Just a Game (Rien qu'un jeu) is a Canadian drama film, directed by Brigitte Sauriol and released in 1983. An examination of incest, the film stars Raymond Cloutier as André, a married father who is committing incest with his daughters, and Marie Tifo as Mychèle, his unhappily married wife whose resentment of their daughters has led her to turn a blind eye to her husband's activities.

The film premiered at the 1983 Cannes Film Festival, and had its Canadian theatrical premiere in October 1983. The film faced some controversy in early 1984, when the Ontario Censor Board refused to permit it to be screened in Ontario unless the two scenes that most visibly depicted the incest were cut, even though Sauriol had carefully shot them to prevent them from being seen as sexually graphic.

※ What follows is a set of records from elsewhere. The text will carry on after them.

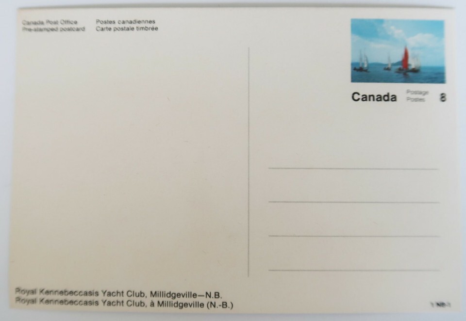 Canada Post Office Pre Stamped Postcard 8¢ Royal Kennebeccasis Yacht Club, NB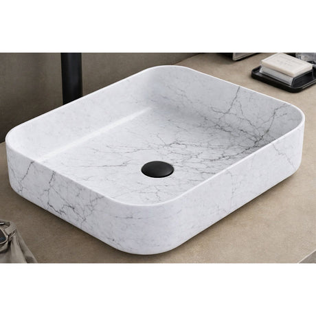 $385.00$254.00Unit price /UnavailableIn stockAbove Counter Basin Rectangular Matte White Carrara With Gold Vein 500x390x130mm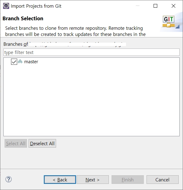 6. import할 branch 들을 선택하여 Next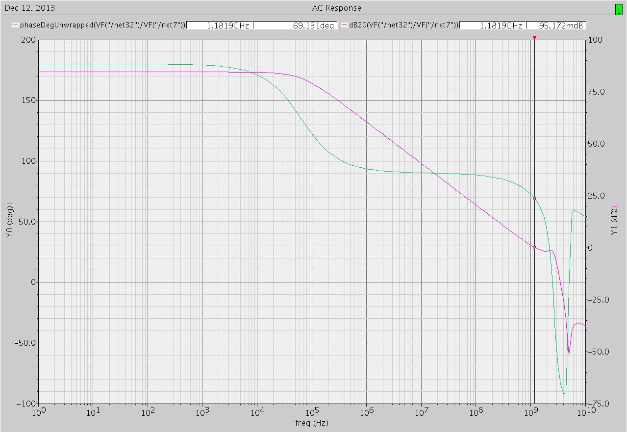 好像在次极点附近有个零点,而且这个零点好像还是右半平面的,而且瞬态中从低到高跳变时有一个先下降的尖峰(由高到低好像也有一点尖峰),所以我觉的是右半平面的零点引起了建立时间太长。

The film received three Genie Award nominations at the 5th Genie Awards in 1984, for Best Director (Sauriol), Best Actress (Tifo) and Best Sound Editing (Marcel Pothier).

==Critical response==
Writing about the film's premiere at Cannes, Jay Scott of The Globe and Mail called the film "stultifyingly predictable" and "psychologically simplistic", and opined that Sauriol "depends on her sincerity to mask mistakes". Reviewing the film during its theatrical run, his colleague Carole Corbeil gave it a more nuanced review, likening it to "one long bad For the Record; it invents characters to advance a theme", but calling it "honest, and gritty, and this quality redeems it somewhat".

The film was purchased by several anti-incest activist groups for use in educational campaigns.